San Antonio researchers are playing a key role in understanding the mysteries that abound in the final frontier: space.
A livestreamed web event hosted by local tech advocacy group Tech Bloc on Thursday evening featured San Antonio and Texas scientists who are studying everything from faraway planets in other solar systems to Earth’s moon.
The event virtually brought together engineers and scholars from NASA, the Southwest Research Institute (SwRI), and the University of Texas at San Antonio.
“I think it’s important to understand that Texas has had a long history in the aerospace industry,” said Dirk Elmendorf, co-chair of Tech Bloc’s board. “San Antonio has really played a long role in that world.”
Speakers discussed key projects that San Antonio and Texas scientists are a part of, such as two SwRI projects to build tools that will help scientists learn more about Jupiter’s moons and a Houston-based NASA project to build a space station that will orbit Earth’s moon.

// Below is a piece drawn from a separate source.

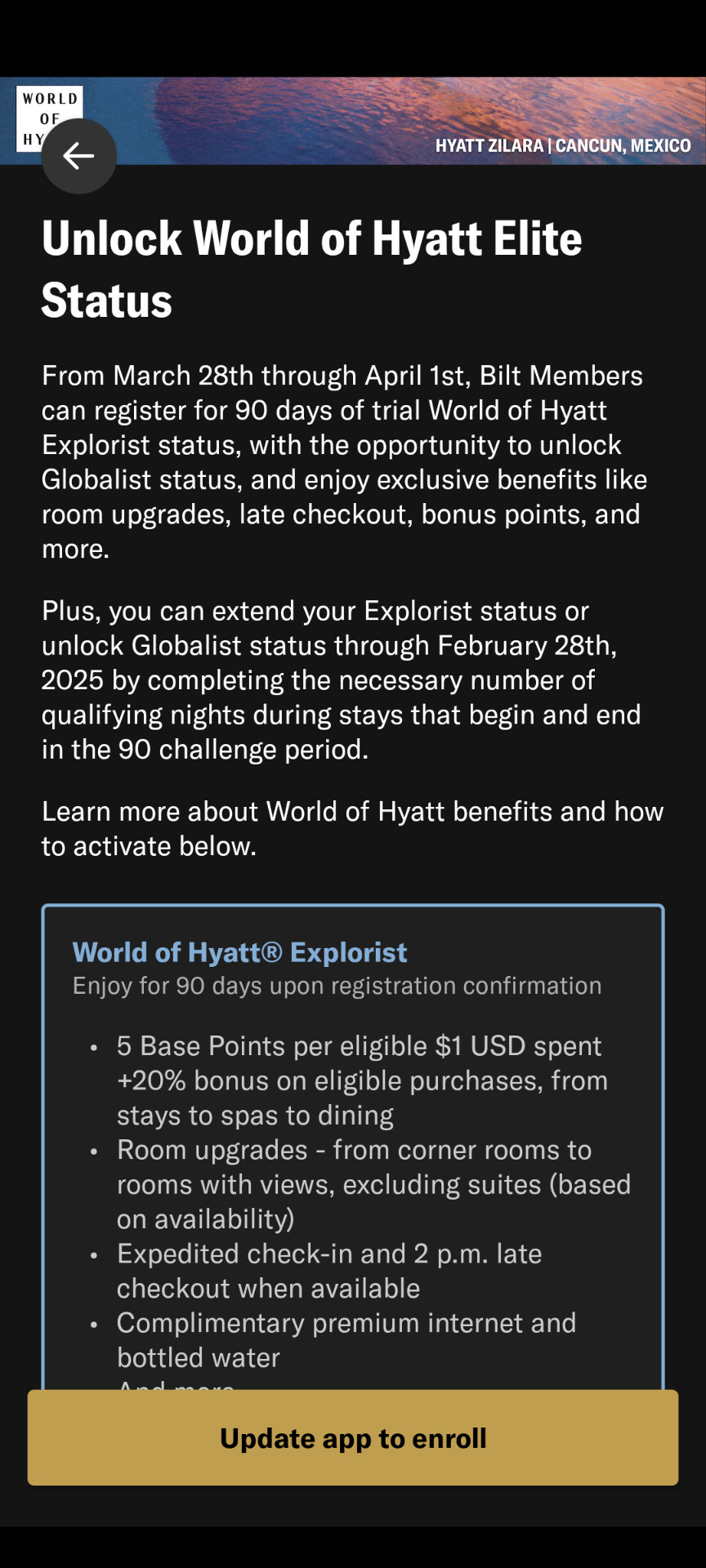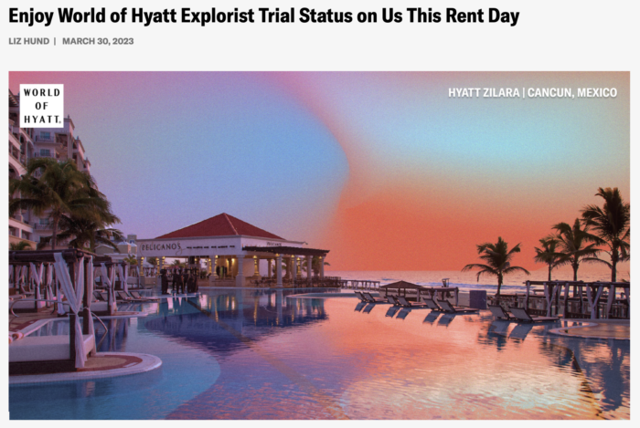 Upon registration, World of Hyatt members will receive a trial upgrade to Explorist status through July 16, 2023. The trial will provide the member with the benefits of Explorist status, as set forth in the World of Hyatt program terms, provided that the member will not receive any Explorist Club Lounge Access Awards (as defined in the World of Hyatt program terms) or be eligible to tier match into MGM Rewards, the loyalty program of MGM Resorts International, as part of the trial. To maintain Explorist status through February 2025, member must complete at least ten (10) Tier-Qualifying Nights (as defined in the World of Hyatt program terms) at any participating Hyatt hotels and resorts worldwide, participating MGM Rewards destinations, Small Luxury Hotels of the World (“SLH”) properties, or Lindblad Expeditions on stays started and completed during the Explorist Trial Period. If member completes at least twenty (20) Tier-Qualifying Nights at any participating Hyatt hotels and resorts worldwide, participating MGM Rewards destinations, SLH hotels, or Lindblad Expeditions on stays started and completed during Explorist Trial Period, member will receive Globalist status through February 2025. The offer will provide the member

Kurt Retherford, a planetary scientist at SwRI, explained how the local institute is playing a central role in learning more about several of Jupiter’s natural satellites.
SwRI is overseeing two projects that will aid in the study of the larger moons of Jupiter, a gas giant that has 79 known moons. Retherford is one of the leading scientists on these projects.

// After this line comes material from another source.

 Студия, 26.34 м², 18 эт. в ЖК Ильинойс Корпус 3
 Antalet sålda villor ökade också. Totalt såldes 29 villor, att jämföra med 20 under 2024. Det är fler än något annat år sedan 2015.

One involves constructing the Europa Ultraviolet Spectrograph, which will observe the icy moon Europa; the other project, the JUICE Ultraviolet Spectrograph, will study Europa and Ganymede. A spectrograph is a device that splits light into different wavelengths or colors and helps tell scientists the chemical makeup of an object.
“The neat thing is the [Europa Ultraviolet Spectrograph] is being built right here in San Antonio,” Retherford said.
Using the spectrograph, the scientists will aim to confirm the suspected geysers of water spouting from Europa’s surface, its atmospheric makeup, and get a close-up view of its surface.
Launching in 2024, the spectrograph will be aboard NASA’s Europa Clipper mission. The Clipper, which will carry nine specialized instruments including the spectrograph, will do a series of Europa flybys while orbiting Jupiter.
The Clipper’s journey will take between two and six years, depending on several factors, Retherford said.
The JUICE Ultraviolet Spectrograph will provide a variety of observations of Jupiter and a handful of its moons. It will read ultraviolet light to help tell scientists more about Jupiter and its moons’ atmospheres, surfaces, and chemistry, as well as more about Ganymede’s aurora lights.
Retherford and his team are working with the European Space Agency – the European equivalent of NASA – on the JUICE project, which is set to launch in 2022 but is expected to take seven to eight years to reach Jupiter.
“They’re expected to get to the system around the same time,” he said of both missions. “So it’s going to be great to be involved in both NASA’s mission and the European mission at the same time.”
Both missions will help researchers learn about Jupiter and its moons and whether they could potentially support life, Retherford said.
NASA Gateway Production Manager Jon Olansen joined the event to discuss how NASA scientists in Houston are making significant headway as they prepare to launch the Artemis Program, the next series of missions to the moon starting in 2024 that will prepare astronauts for traveling to Mars.
Olansen oversees the Gateway Project, a space station NASA is launching in 2023 to orbit the moon. This space station will act as a common stopover and safe haven for astronauts heading to the moon’s surface through the Artemis Program.
In preparation for the Artemis Program and further Mars exploration, NASA scientists in Houston have had to perfect automated precision landing, advanced communication, and in-space manufacturing and refueling.
“It really sets us up … with the technologies and the capabilities to go pursue exploration – human exploration – of Mars,” Olansen said.